- **EXERCISE**: Copy exactly the lines from the line holding "Sada na písek" through the end of the material, and no others; pictures stay out.

- **PROVIDED DATA**:
☆ ☆ ☆ ☆ ☆

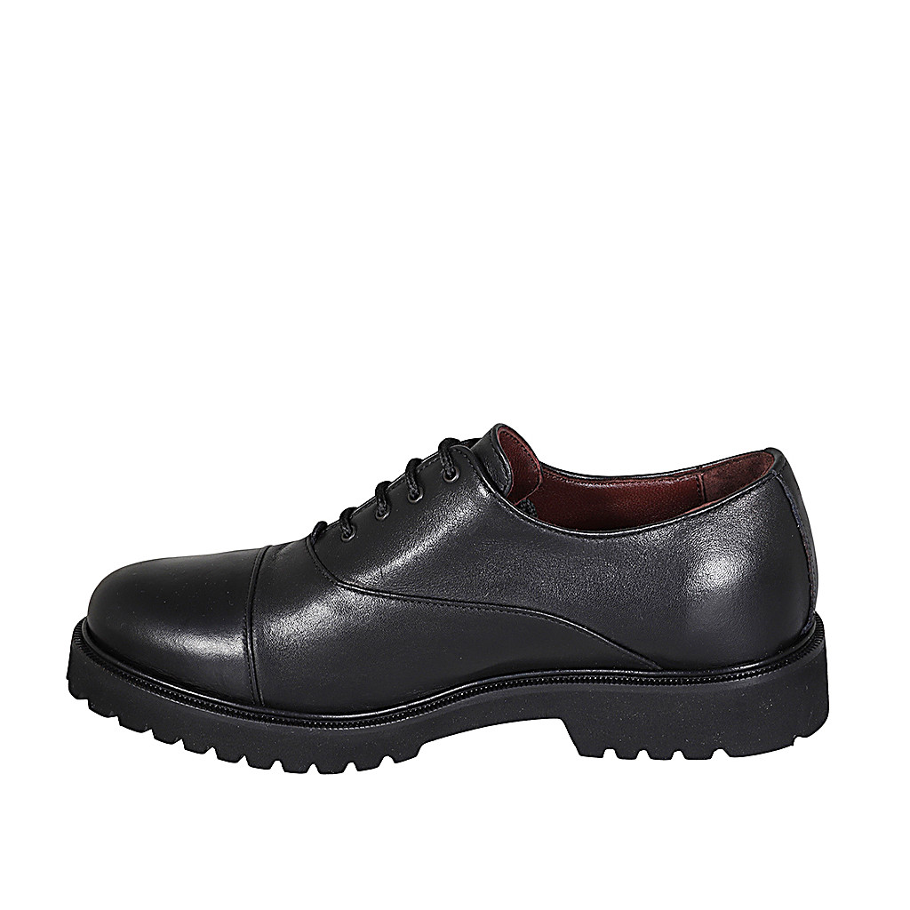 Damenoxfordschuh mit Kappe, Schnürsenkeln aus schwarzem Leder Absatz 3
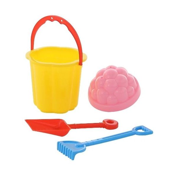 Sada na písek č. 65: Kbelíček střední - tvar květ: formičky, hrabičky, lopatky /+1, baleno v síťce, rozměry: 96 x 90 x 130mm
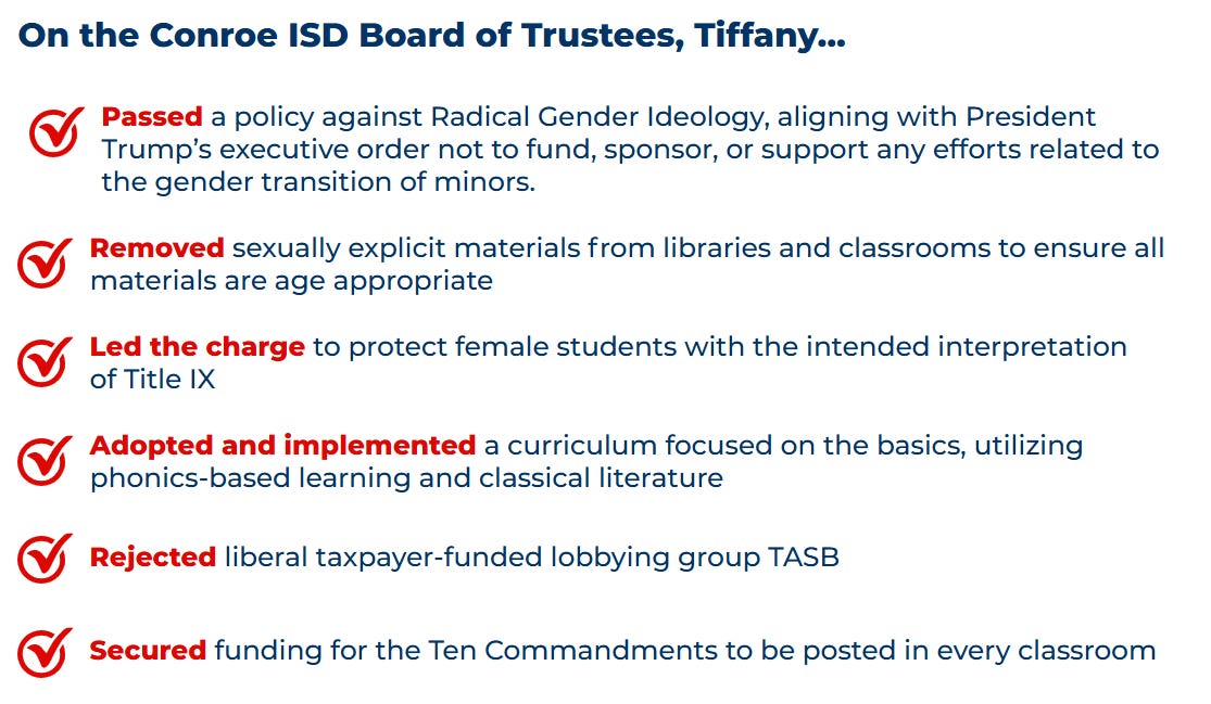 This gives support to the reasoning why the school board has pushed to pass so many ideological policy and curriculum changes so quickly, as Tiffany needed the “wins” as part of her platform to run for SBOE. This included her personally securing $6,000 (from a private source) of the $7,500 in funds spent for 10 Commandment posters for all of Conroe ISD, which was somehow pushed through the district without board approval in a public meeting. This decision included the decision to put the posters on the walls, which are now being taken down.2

☆ ☆ ☆ ☆ ☆

- **WRITTEN ANSWER**:
 Sada na písek č. 65: Kbelíček střední - tvar květ: formičky, hrabičky, lopatky /+1, baleno v síťce, rozměry: 96 x 90 x 130mm
 This gives support to the reasoning why the school board has pushed to pass so many ideological policy and curriculum changes so quickly, as Tiffany needed the “wins” as part of her platform to run for SBOE. This included her personally securing $6,000 (from a private source) of the $7,500 in funds spent for 10 Commandment posters for all of Conroe ISD, which was somehow pushed through the district without board approval in a public meeting. This decision included the decision to put the posters on the walls, which are now being taken down.2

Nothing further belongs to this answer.